いや、似てる名前の建物が2件あるし……たぶん道を間違えたんだろうな。
警官のほうに目をやると「さっさと消えろ」みたいなオーラを醸し出している気がした。

……なんでこう都会の警官ってのは、どいつもこいつも超無愛想なんだ……?
俺悲しくなっちゃうよ。

いやしかし、まだ開始時間よりも50分くらい前だ。
なんかこの建物、観光用っぽいし少し見てくか……?
駐車場をグルりと回ってみた。うん、何も無い。

道を戻ると、さっきの警官からの冷たい目線を浴びながら俺は来た道を戻っていった。
戻る際、なぜかスーツ姿のおっさん達3人くらいが反対側から歩いてきていた。
なんだこいつら、俺をすっごい見てるよ!集団で!

来た道を戻ると……さっきまでは無かった看板が置いてあった。

スーツ3

そこには、例のイベントの案内が書いてあった。
……さっき俺がここに来た時には無かったぞ。おい。



――なんとか俺は会場までに辿り着く事が出来た。
周りは、スーツを着た専門学生でいっぱい♪
真っ黒だ。

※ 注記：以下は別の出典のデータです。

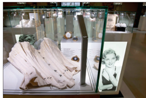
天梭“见证时代”女士钟表展。
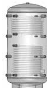
ACK 802R – 2002R
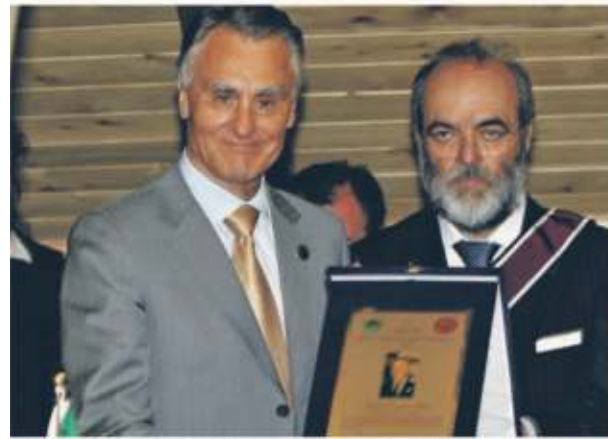
Anibal Cavaco Silva, presidente del Portogallo
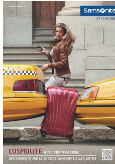
Anzeigenmotiv 2013 / 2014

Samsonite®, das weltweit führende Unternehmen für Reisegepäck, setzt in diesem Jahr die „Enjoy Every Second“-Kampagne mit neuen, an die Kampagne 2013 anknüpfenden Motiven und Videos fort. Die letztjährige, von Saatchi & Saatchi Brüssel entwickelte multi-mediale Strategie war in Konzeption und Umsetzung sehr erfolgreich und wurde von der Agentur für 2014 mit Fokus auf die neue Kollektion Lite-Locked™ weiter entwickelt. Im Rahmen der „Samsonite By Your Side“-Kommunikationsstrategie läuft die Kampagne seit Jahresanfang europaweit und multimedial mit Videos, TV-Spots, Print- und Online-Anzeigen sowie POS-Materialien; in Deutschland wird Samsonite ab dem 5. Mai 2014 Print- und Online-Werbung schalten - sowohl mit dem neuen Anzeigenmotiv für die Serie Lite-Locked als auch mit dem für die Serie Cosmolite aus dem letzten Jahr.
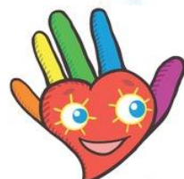
Добровольцы СГУ им. Птирима Сорокина
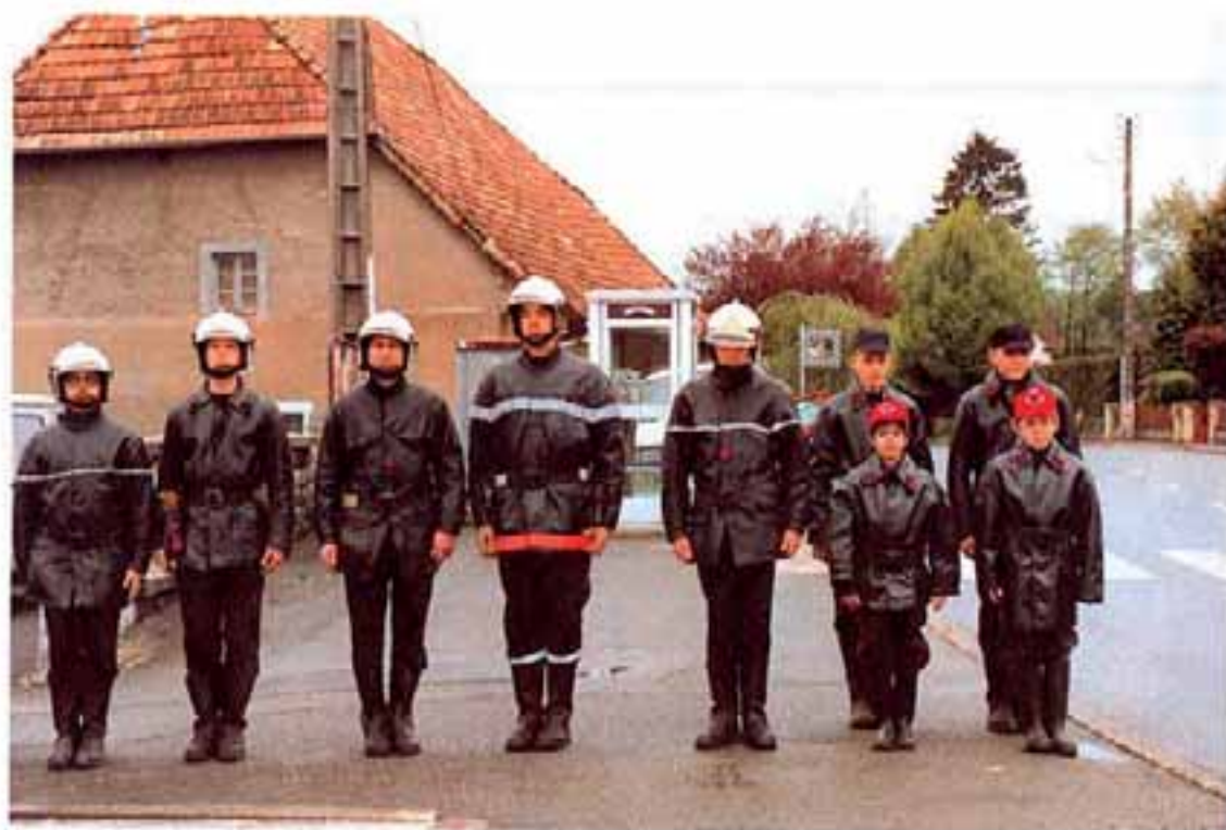
Le corps des sapeurs-pompiers d'Offemont était présent aux cérémonies du cinquantenaire de la Libération des camps de concentration.
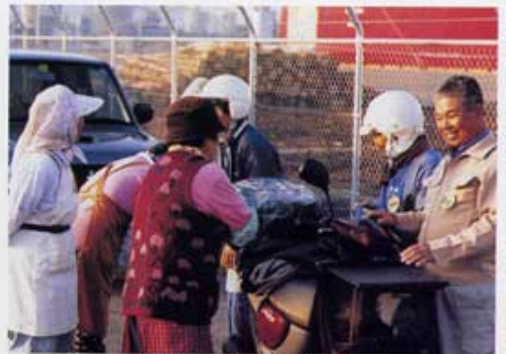
グループ就業の仲間と

三月に勤めていた会社を定年退職し、約四ヶ月間「ゆつくりしないよ」と言う妻の言葉に甘えて、家の周りのことを、こそごそしていたが、何かものたりない毎日、七月頃シルバーセンターのご案内「会員になつて働いてみませんか」と云うパンフレットを見てセンター事務所を尋ねて、入会後さうそく八月始めから仕事を申しつけられ屋外一般作業を希望していたので与えられた仕事は屋外の草刈り作業、今年の夏は猛暑につき、今まで二十年余り夏は室内でエアコンの中の仕事だったので、さすがにこたえた。自分より年上の先輩達が涼しげにきばきと仕事をする姿を見ていると自分もへたばるわけにもいかず、あんまり無理すんなよと休もうかと、と声がかかる、私の為にそれまでより多くの休憩時間をとってくれていたのかと思うとあたたかい心づかいにありがたう、今でも素晴らしいリーダーそして良き先輩の方々にめぐり合えたものと感謝しています。草刈

この日で始めて、俺はやっと安心できた。良かった!なんか知らんけど良かった!

時間になると会場が開き集団で中に入っていく。ズドドド……
友達のいない俺はもちろん一人さ!

どうやらお偉いさん方が「就活」について語っていくようだ。

何々?なんか難しい言葉ばかり使っていて意味が全然分からん。
就職難?面接?なにそれ?まぁいいや、どうせ「俺には関係ない話」なんだろうし。

俺に全く関係のない別世界の話なんて聞いてても意味がないし
とりあえず配られた紙に落書きを始める。

スーツ4
※その時に描いた落書き。

ふぅ……。なんだ?今度は別の人が出てきたぞ?何々?
「挨拶」の重要性?「敬語」の重要性?

アイサツ?ケイゴ?

…………プッ
何いってんだこの人は?

そんな「ハイレベルな話」をされたって俺には何の意味もないぜ?
アイサツだ?ケイゴだ?……俺はそれ以前に

喋れるか、喋れないか。

っていうレベルにいるんだからよォ!!
ああ!分かった!これは「普通に声が出るハイレベルの人達向け」のお話なんだろ?
分かってますよ!ええ分かってますとも!俺には関係ないっすよねぇ!!
(※俺は極度の吃音症です)

……さて、落書きを続行するか。

落書きに集中してると、前席の人の髪にキモい虫が張り付いている事に気がついた。
しかもなんと!!女の子の綺麗な髪の毛!!

スーツ5

貴様。虫。おい。てめぇ。
……ムカつくぜ、なんで「俺よりキモい貴様」が女の子の髪の毛をなでなでしてるわけ?
イラつくんですけど?ああ?俺さっきから機嫌悪いんですよねぇええ!!

ああ!俺にも女の子の綺麗な髪なでなでさせろ!!ズルいぞ!!

とりあえず俺は、勇気を出して虫を追い払う事にした。使う武器はシャーペン。
………大丈夫だ。冷静になればイケる。
俺の前にいる女子よ!今から救ってやるぜ!!だから俺に惚れてくれよ?
シャーペンを構える俺。……ふう、緊張するぜ。

スーツ6

このシャーペンが……もしも……
ミスってこの女子の頭に直接当たったりしたら……俺、間違いなく変人扱いされるじゃねぇか……
いや、普通に「頭に虫ついてましたよ」って小声で言えばいんだけどな?
俺は喋れない人なんですから!!

………こええ。
イケるか?イケるのか?…………
なんか「隣の人からの変な視線」を感じるのは気のせいなんだろう。
ってかお前も手伝えよ!女の子の髪にキモい虫が付いてんだぞ!?一大事じゃねぇか!!

てぇい!

虫が飛んだ。
だが、再び同じ場所に戻った。

!?……なんていう奴だ。
どんだけ女の子の髪をクンカクンカしてたいんだよ!
気に入らねぇぜ……。

その後2回くらい虫に攻撃を仕掛けてみるが、どれもハズれた。
分かった。もういい。もうどうにでもな~れ!


イベントは終了した。午後0時。
今日の戦いも遂に終わった。いや、終わってない。まだ帰りの電車があった。
重く苦しいスーツでの最後の戦い。慣れない革靴で歩きすぎて足が痛い。

帰りの電車の中でラノベの続きを読もうとしたが、やはり集中出来なかった。


…………。

あの虫どうなったんだろうな……。